**EXERCISE GOAL:** Images are to be left out; everything else in the listing should be repeated exactly.

•••••

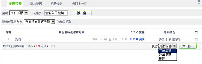 3.在“在招聘列表”,設(shè)置招聘的SEO配置(詳細【3.4.1】章節(jié)進行介紹)、修改、取消招聘,刪除等操作。
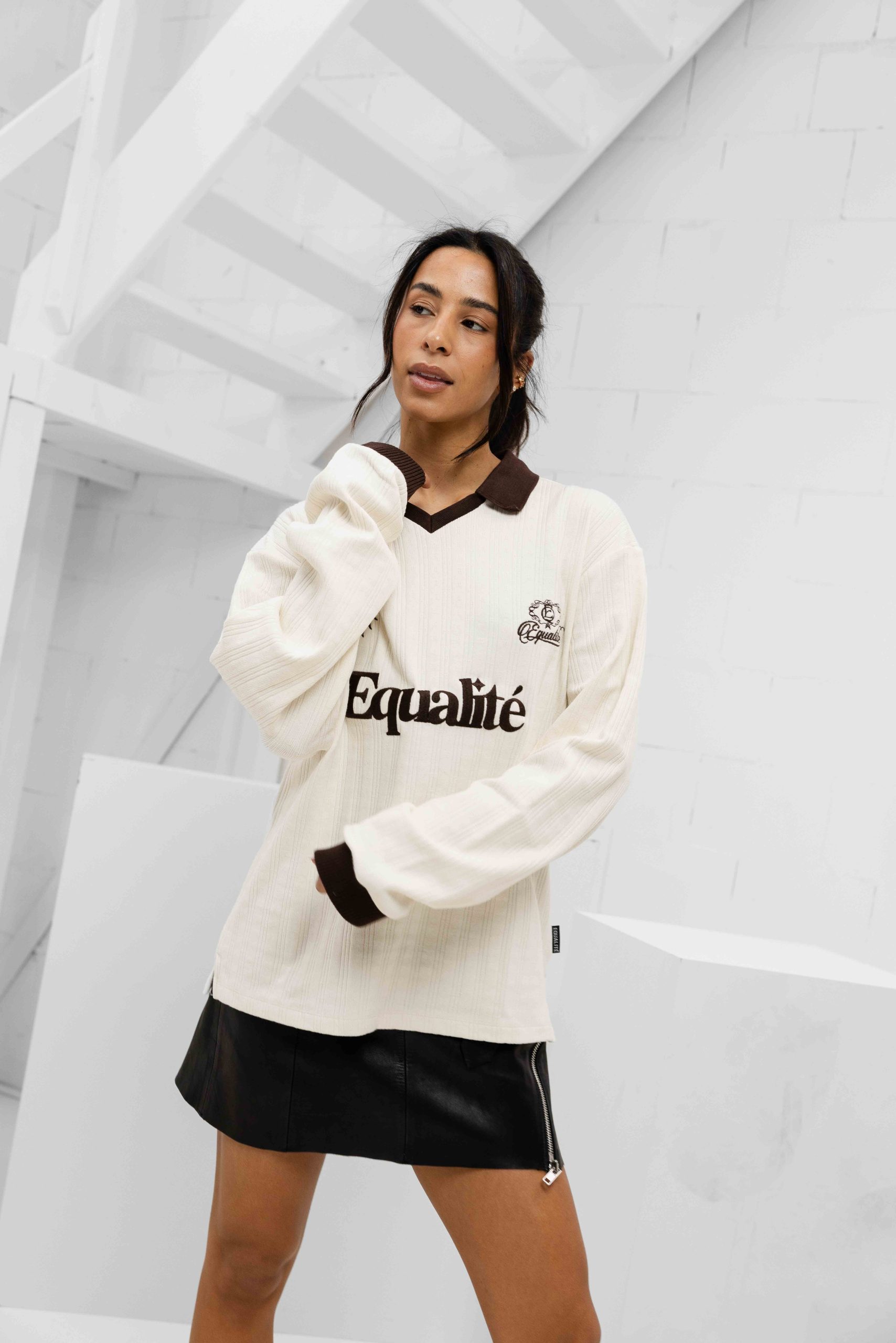 De Equalité Ash Knit Longsleeve Polo voor dames in de kleur gebroken wit is een must-have voor jouw lente/zomer garderobe. Deze longsleeve polo heeft een oversized pasvorm en lange mouwen, perfect voor een casual en comfortabele look. De kraag en logoprint geven de polo een trendy uitstraling. Met geen sluiting en geen zakken is dit kledingstuk gemakkelijk te combineren met verschillende outfits. Kies voor stijl en comfort met de Equalité Ash Knit Longsleeve Polo!
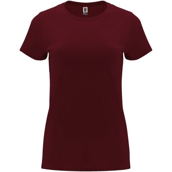 Damska dopasowana koszulka z krótkim rękawem. Okrągły prążkowany dekolt 1x1. Wzmocnione, kryte szwy na kołnierzu. Usuwalna metka.
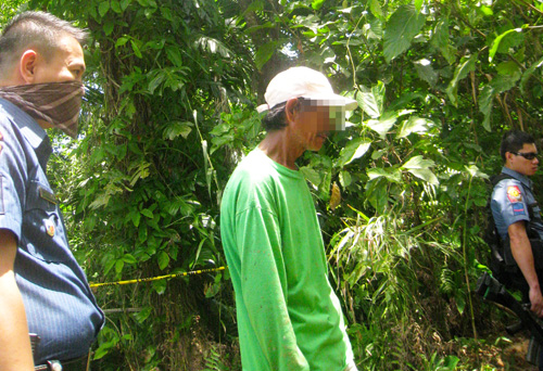 7月2日、インファンタ署の遺棄現場捜索に立ち会う住民(中央)。前夜、2遺体を現場から掘り起こし海に遺棄していた=同署提供
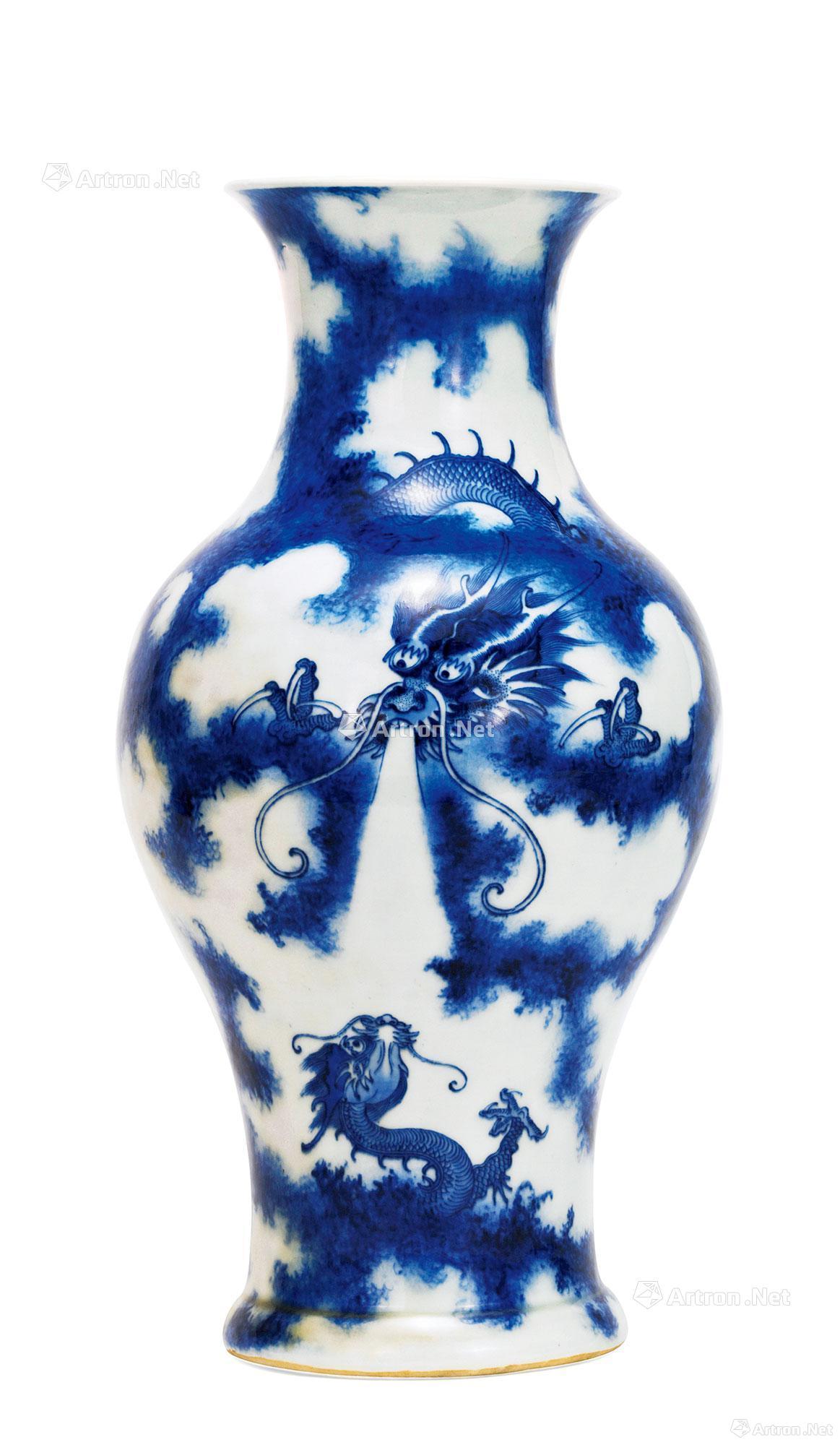清乾隆 唐英制青花苍龙教子诗文观音瓶
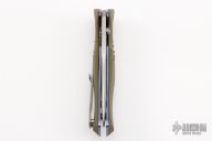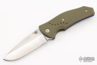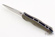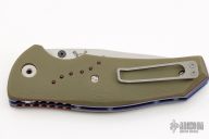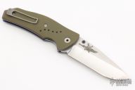 This Spatha linerlock folder features a hollow ground tumble finish blade and OD green G10 handle with a total of 13 ruby bearing insets. Stainless steel clip. Notched thumbrest. Gold Elishewitz logo medallion on blade. Smooth action. Perfect blade seating, detent, and lockup. Excellent work. Numbered 15 on blade. Excellent condition. Some additional information from Allen about this design: "This is a limited edition that I have been wanting to make for a very long time. This knife has a lot of Marines symbolisms in it: 13 ruby ball bearings for the 13 original colonies, OD green for our uniform color, red handle liners for the blood stripes, blue anodized titanium liners for the dress blues, 7 serrations for the 7 seas. The knives are numbered and feature the "Jack-of-all-Trades" logo on the back of the blade. This logo is used by Marines Reconnaissance to show their versatility in air, land and sea. There are many different versions of this logo from Companies to Platoons; I have had this one since I was in 4th Recon."
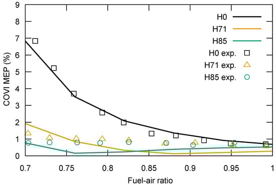 Simulated coefficient of variation (COV) of indicated mean of effective pressure (IMEP) after cycles (lines) and comparison with the experimental results of Ji et al. [] (symbols). Three concentrations of hydrogen by volume are considered: H0 (pure isooctane), H71 (71% H2 by total fuel volume), and H85 (85%). Details can be checked in [].
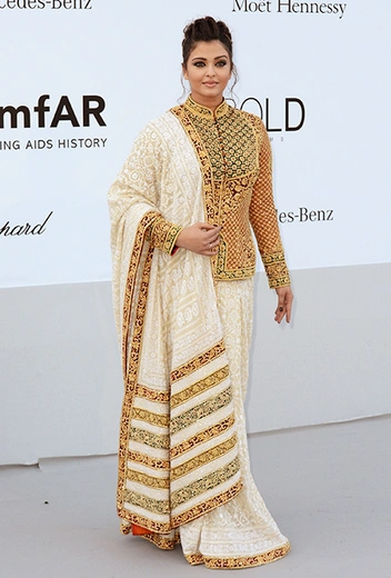 65-й сезон знаменитого киносмотра Айшвария начала с посещения показа amfAR — благотворительного гала-ужина, все вырученные средства с которого были направлены на борьбу со СПИДом. Болливудская звезда (впервые за много лет, как вы могли заметить) отдала предпочтение наряду в индийских мотивах.

•••••

**EXERCISE SOLUTION:**
 3.在“在招聘列表”,設(shè)置招聘的SEO配置(詳細【3.4.1】章節(jié)進行介紹)、修改、取消招聘,刪除等操作。
 De Equalité Ash Knit Longsleeve Polo voor dames in de kleur gebroken wit is een must-have voor jouw lente/zomer garderobe. Deze longsleeve polo heeft een oversized pasvorm en lange mouwen, perfect voor een casual en comfortabele look. De kraag en logoprint geven de polo een trendy uitstraling. Met geen sluiting en geen zakken is dit kledingstuk gemakkelijk te combineren met verschillende outfits. Kies voor stijl en comfort met de Equalité Ash Knit Longsleeve Polo!
 Damska dopasowana koszulka z krótkim rękawem. Okrągły prążkowany dekolt 1x1. Wzmocnione, kryte szwy na kołnierzu. Usuwalna metka.
 7月2日、インファンタ署の遺棄現場捜索に立ち会う住民(中央)。前夜、2遺体を現場から掘り起こし海に遺棄していた=同署提供
清乾隆 唐英制青花苍龙教子诗文观音瓶
 This Spatha linerlock folder features a hollow ground tumble finish blade and OD green G10 handle with a total of 13 ruby bearing insets. Stainless steel clip. Notched thumbrest. Gold Elishewitz logo medallion on blade. Smooth action. Perfect blade seating, detent, and lockup. Excellent work. Numbered 15 on blade. Excellent condition. Some additional information from Allen about this design: "This is a limited edition that I have been wanting to make for a very long time. This knife has a lot of Marines symbolisms in it: 13 ruby ball bearings for the 13 original colonies, OD green for our uniform color, red handle liners for the blood stripes, blue anodized titanium liners for the dress blues, 7 serrations for the 7 seas. The knives are numbered and feature the "Jack-of-all-Trades" logo on the back of the blade. This logo is used by Marines Reconnaissance to show their versatility in air, land and sea. There are many different versions of this logo from Companies to Platoons; I have had this one since I was in 4th Recon."
 Simulated coefficient of variation (COV) of indicated mean of effective pressure (IMEP) after cycles (lines) and comparison with the experimental results of Ji et al. [] (symbols). Three concentrations of hydrogen by volume are considered: H0 (pure isooctane), H71 (71% H2 by total fuel volume), and H85 (85%). Details can be checked in [].
 65-й сезон знаменитого киносмотра Айшвария начала с посещения показа amfAR — благотворительного гала-ужина, все вырученные средства с которого были направлены на борьбу со СПИДом. Болливудская звезда (впервые за много лет, как вы могли заметить) отдала предпочтение наряду в индийских мотивах.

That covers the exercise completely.